This model also uses features, “users' tendency towards racism or sexism” (Pitsilis, G. K., Ramampiaro, H., & Langseth, H. (n.d.). Detecting Offensive Language in Tweets Using Deep Learning, 18.)

Model is implemented using Keras. keras icon

4. Run the Model - Local Setup

4.1. Requirements to Run the Code Setup

  • Python 3
  • TensorFlow
  • Keras
  • Pandas - pip install pandas
  • Requests Oauthlib - pip install requests_oauthlib
  • Emoji - pip install emoji

4.2. Training the Model

Run the following script to train the model. This will start training the model. Make sure the final CSV file has been placed as [root directory]/data-set/final-data-set.csv.

cd classifier/python/classifier; python classify.py

This will create an h5 file that contains the model in a directory [root directory]/classifier/python/classifier/results_x.

4.3. Build Results

Run the following script to validate the model. This will use the final results directory to validate the model, create files associate with scores in the same directory.

cd classifier/python/classifier; python validate.py

5. Run the Model - Google Colaboratory Setup

Google Colaboratory

Without any settings defind in the section 4. Run the Model - Local Setup, you can run the model in Google Colaboratory and store the results in Google Drive. The python code in the jupyter note book will create a directory sinhala_racism_detection and will interact only with that directory (I make sure the python script will not read or write to any other directory of your Goole Drive. You can also review the script).

  1. Copy jupyter_notebook/sinhala_racism_detection.ipynb file into your Google Drive and open it with Google Colaboratory. Run the file and authorize it to save results to your drive.

  2. Copy jupyter_notebook/sinhala-racism-validation.ipynb and run the file in Google Colaboratory.

  3. Find your results in the directory sinhala_racism_detection in your drive.

6. Testing and Results Analysis

6.1. Experimental Setting

I have performed five-fold cross validation and calculated the Precision, Recall and F1–Score.

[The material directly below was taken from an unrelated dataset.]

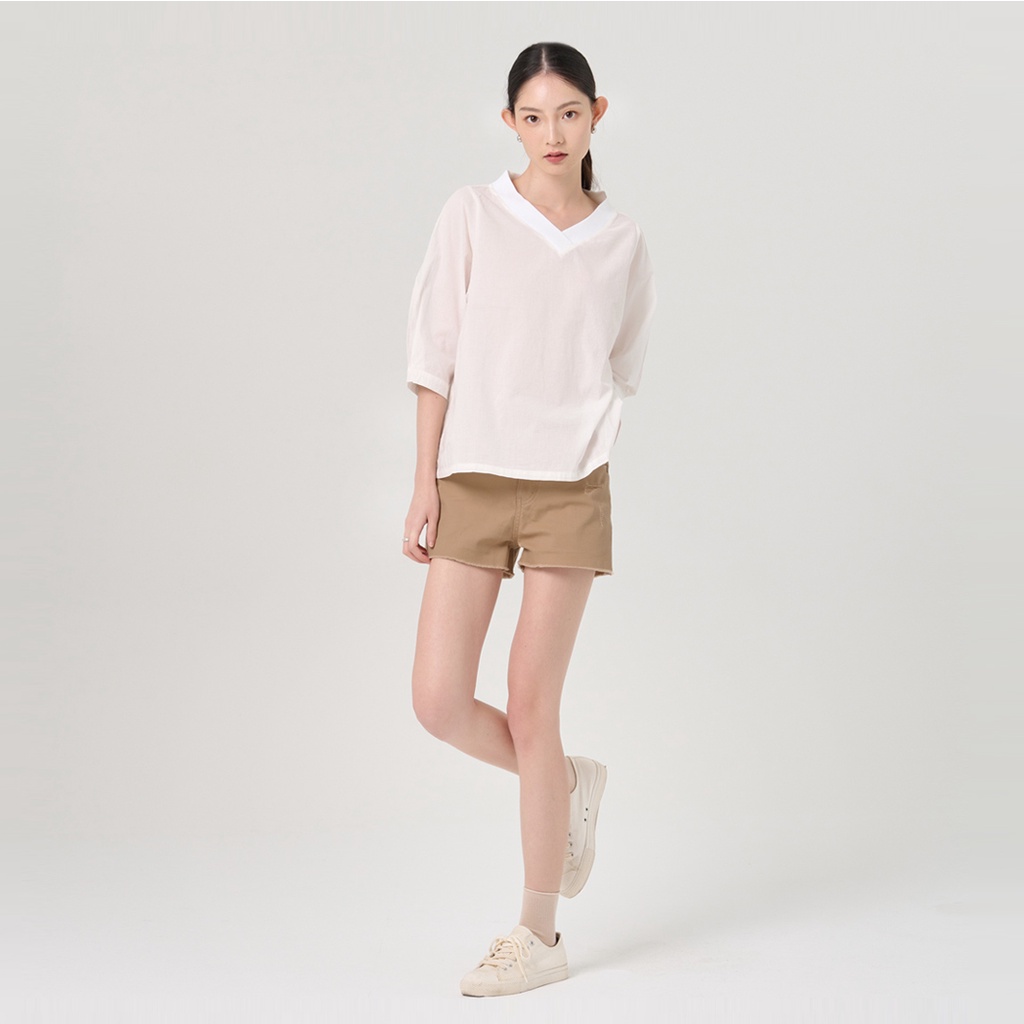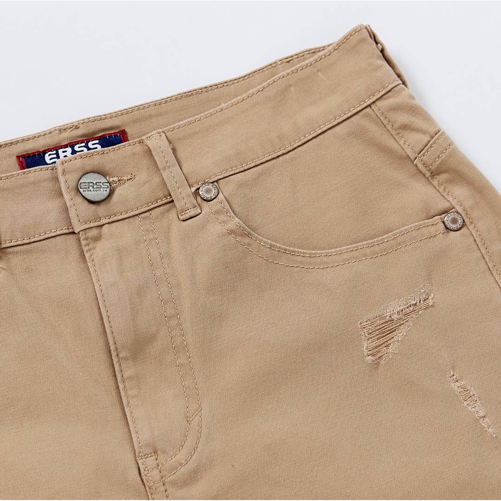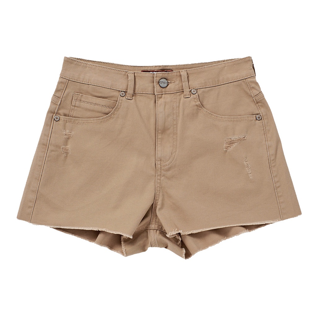 【ERSS】女裝 短褲 休閒褲 熱褲 真理褲 歐美風 戶外風 純棉 下擺不收邊 卡其【S20100】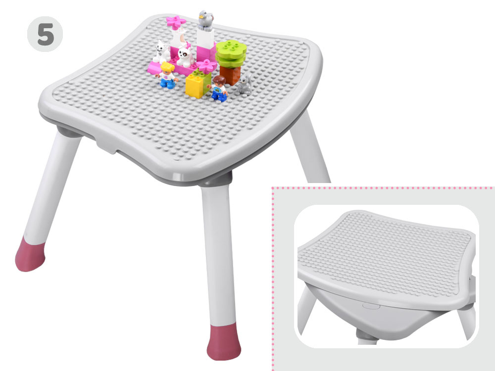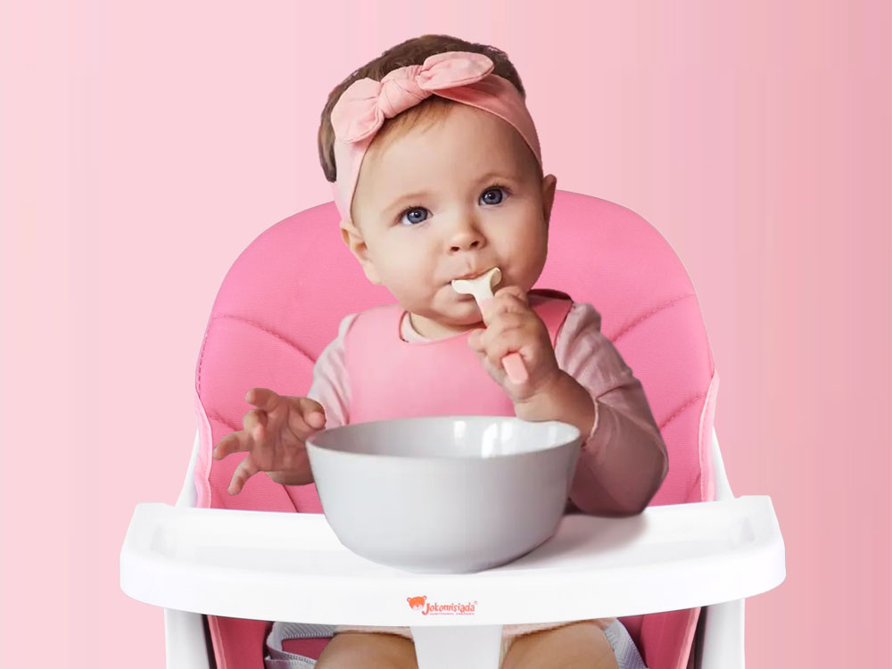 - židlička s táckem, na kterém může dítě jíst samo, když má jídlo na tácu, a víme, že batolata ráda ochutnávají jídlo mnoha smysly; tác je odnímatelný a snadno se čistí. A také krmení batolete, aniž by se muselo ohýbat.

Each training fold was split into 88% training and 12% validation, while performance is evaluated over the remaining fold of unseen data. Following diagrams represent the distribution of tweets count among training, validation and testing for a fold.

Data Set Distribution

Class Total Tweets Count Training Tweets Count Validation Tweets Count Testing Tweets Count
Neutral 1081 757 107 217
Racist 108 80 6 22
Sexism 222 154 23 45
Total 1411 991 136 284

6.2. Accuracy and Loss of Folds

Fold Accuracy Loss
0 Accuracy Fold 0 Loss Fold 0
1 Accuracy Fold 1 Loss Fold 1
2 Accuracy Fold 2 Loss Fold 2
3 Accuracy Fold 3 Loss Fold 3
4 Accuracy Fold 4 Loss Fold 4

6.3. Confusion Matrices and Results

The following table represents the confusion matrices of each fold.

Fold Confusion Matrix
0 Confusion Matrix for Fold 0
1 Confusion Matrix for Fold 1
2 Confusion Matrix for Fold 2
3 Confusion Matrix for Fold 3
4 Confusion Matrix for Fold 4

The following table represents precision, recall and F1 score according to the confusion matrix of each fold of the model.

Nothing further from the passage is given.